Rawpixel.com - stock.adobe.com
Generative AI has been the dominant analytics trend to date in 2023. But the first half of the year marked just the beginning of how generative AI will be used to transform data analysis.
While many vendors have unveiled their plans for integrating generative AI throughout their platforms, few capabilities have moved beyond the preview stage.
There's been plenty of theoretical talk about how generative AI can revolutionize analytics by making it accessible to more than just data experts and easing burdens on those tasked with overseeing their organizations' analytics operations. But few tools have yet been brought to market.
Those that have been introduced are largely still under wraps.
"The generative AI announcements in the analytics/BI market to date are mostly still in development or private preview," said Doug Henschen, an analyst at Constellation Research. "Overall, I'd say we're beyond the idea/theory stage. But we're short of seeing market-proven gains in productivity and insight."

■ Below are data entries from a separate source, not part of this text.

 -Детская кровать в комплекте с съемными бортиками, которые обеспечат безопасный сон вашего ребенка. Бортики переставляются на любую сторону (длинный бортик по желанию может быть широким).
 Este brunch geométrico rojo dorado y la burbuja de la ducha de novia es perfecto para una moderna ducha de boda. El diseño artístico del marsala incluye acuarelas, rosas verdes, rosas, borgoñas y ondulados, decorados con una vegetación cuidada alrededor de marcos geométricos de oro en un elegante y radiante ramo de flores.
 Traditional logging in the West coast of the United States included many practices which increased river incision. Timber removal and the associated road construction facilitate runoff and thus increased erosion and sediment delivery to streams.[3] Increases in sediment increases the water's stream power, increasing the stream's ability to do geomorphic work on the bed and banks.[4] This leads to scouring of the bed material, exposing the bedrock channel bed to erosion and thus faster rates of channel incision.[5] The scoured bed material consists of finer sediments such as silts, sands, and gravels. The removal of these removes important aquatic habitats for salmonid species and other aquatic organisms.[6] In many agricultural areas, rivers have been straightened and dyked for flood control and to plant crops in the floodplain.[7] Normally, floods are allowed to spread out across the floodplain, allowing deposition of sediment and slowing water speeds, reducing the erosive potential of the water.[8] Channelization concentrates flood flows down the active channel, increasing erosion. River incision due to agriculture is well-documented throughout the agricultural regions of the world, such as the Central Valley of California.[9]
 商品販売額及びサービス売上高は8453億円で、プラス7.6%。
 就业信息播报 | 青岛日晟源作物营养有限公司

But generative AI hasn't been the only analytics trend so far in 2023.
The cost of cloud computing has become a problem as organizations migrate more of their data and analytics operations to the cloud, so finding ways to keep those costs under control is a rising trend. In addition, emphasizing data quality is becoming more critical as data volume and data complexity increase.
The state of generative AI
Generative AI has become the dominant trend in analytics so far in 2023 because it has the potential to transform the way organizations work with data.

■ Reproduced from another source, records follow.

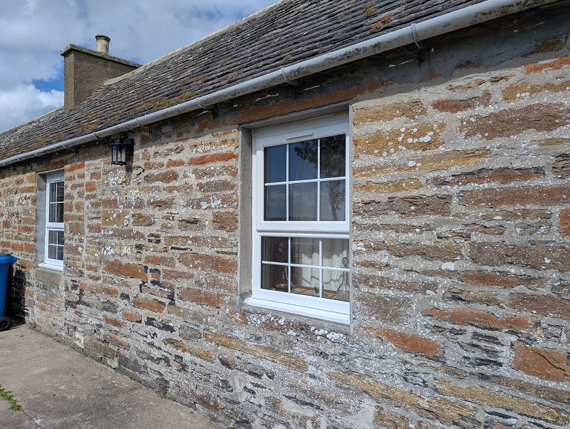 Wooden entrance doors lead into the open hallway where the floor is laid to Caithness Flagstone. There is a window to the side with a deep sill. To the right side of the open hall is a further hallway which is laid to carpet. There are four radiators and another window to the side elevation with a deep sill. This room benefits from a large storage cupboard which houses the boiler and hot water tank. Two windows face the rear elevation and there is a hatch to the attic space in the loft void.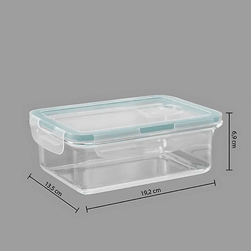 Opbevar dine måltider sikkert og stilfuldt med denne lufttætte glasbeholder, designet til at være både praktisk og holdbar. Med en kapacitet på 800 ml er den velegnet til en enkelt portion, mindre måltider eller til opbevaring af rester. Den gennemsigtige beholder gør det nemt at få et hurtigt overblik over indholdet, mens det tætsluttende låg sikrer, at maden bevares frisk længere – uanset om den opbevares i køleskab, fryser eller tages med på farten.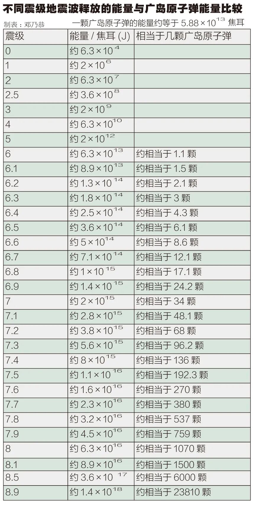根据地震时释放的弹性波能量大小来确定震级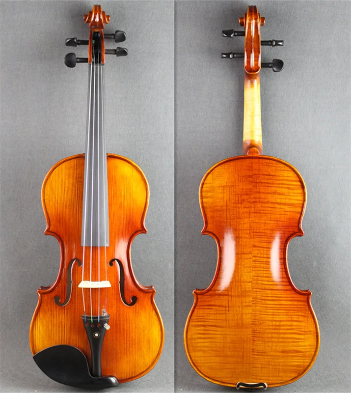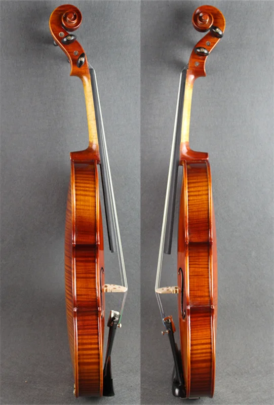 Скрипка сделана из натурального твердого елового топа и задняя Дека из огненного клена, не ламинированная или окрашенная.

Data is, and long has been, largely the domain of a small group of experts within an organization.
Data is complicated, and analysis beyond just looking at basic figures takes training. Training, however, is time consuming and can be expensive. Therefore, many organizations lack data literacy.

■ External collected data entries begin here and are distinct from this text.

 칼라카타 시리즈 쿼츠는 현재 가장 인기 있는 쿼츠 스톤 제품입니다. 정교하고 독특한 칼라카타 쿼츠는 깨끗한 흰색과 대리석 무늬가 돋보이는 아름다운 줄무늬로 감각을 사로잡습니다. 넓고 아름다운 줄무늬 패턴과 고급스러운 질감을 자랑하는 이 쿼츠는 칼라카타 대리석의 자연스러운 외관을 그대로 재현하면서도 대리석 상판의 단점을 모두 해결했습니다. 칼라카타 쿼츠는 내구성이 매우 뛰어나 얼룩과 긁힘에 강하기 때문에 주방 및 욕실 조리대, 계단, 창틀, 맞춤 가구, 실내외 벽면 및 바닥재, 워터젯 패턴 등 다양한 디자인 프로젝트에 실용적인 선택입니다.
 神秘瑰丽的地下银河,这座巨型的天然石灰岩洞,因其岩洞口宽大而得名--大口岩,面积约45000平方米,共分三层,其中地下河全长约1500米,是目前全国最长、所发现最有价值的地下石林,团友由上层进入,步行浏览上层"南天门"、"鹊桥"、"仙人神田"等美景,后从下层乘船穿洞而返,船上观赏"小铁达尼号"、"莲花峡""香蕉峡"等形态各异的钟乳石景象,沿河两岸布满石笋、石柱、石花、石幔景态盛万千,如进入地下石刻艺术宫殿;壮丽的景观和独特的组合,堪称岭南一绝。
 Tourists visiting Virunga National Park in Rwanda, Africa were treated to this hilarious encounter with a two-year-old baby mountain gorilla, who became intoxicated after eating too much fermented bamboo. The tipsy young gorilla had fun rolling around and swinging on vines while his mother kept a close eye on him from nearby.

Meanwhile, analytics platforms are complex and most require code to query and manipulate data. Even those aimed at self-service users that include low-code/no-code capabilities and augmented intelligence features, such as natural language processing, require some level of expertise.
As a result, even as technology has advanced to include no-code capabilities and understand some commands and queries in natural language, the number of data users within organizations has remained static at about a quarter of all employees for decades, according to numerous studies, including one in 2022 by Eckerson Group.
If executed properly, generative AI can change that.
Large language models (LLMs) have expansive vocabularies that understand freeform natural language rather than just specific business terms and commands. In addition, their automation capabilities can translate written words to code that computers can understand and then translate code back to natural language that any business user can understand.
Therefore, generative AI has the potential to both enable any business user to work with data and make data experts more efficient by reducing the amount of code they need to write to perform their jobs.
But midway into 2023, generative AI in analytics is still in the potential stage rather than the production stage, according to industry people.
"The current hype is resulting in a lot of … product announcements. But when you look beyond the marketing and examine the fine print, much of it is not yet available to customers," said James Fisher, chief strategy officer at Qlik. "That said, things are moving quickly, and customers are eager to explore the possibilities."
Following OpenAI's launch of ChatGPT in November 2023, which represented a significant leap in LLM capabilities, many analytics vendors have introduced plans to incorporate generative AI into their platforms.
Sisense was among the first, unveiling an integration with ChatGPT in January 2023 so it can develop tools fueled by generative AI. Since then -- among others -- Amazon QuickSight, Microsoft Power BI, Qlik, Tableau and ThoughtSpot have unveiled plans for adding generative AI.
In addition, some BI users have found ways to incorporate generative AI while they await generally available tools from vendors.
For example, Fisher noted that Qlik customer Harman International, a global car and audio and lighting technology company, built an application with ChatGPT and Qlik that uses natural language to drive insights with Qlik's analytics engine. Meanwhile, some ThoughtSpot customers are using Sage -- the vendor's generative AI-fueled search platform -- in customer preview and seeing the benefits, according to Cindi Howson, the vendor's chief data strategy officer.
Henschen added that many enterprises are in their own testing phase, figuring out what they want from generative AI and which vendor's tools might best fit their needs.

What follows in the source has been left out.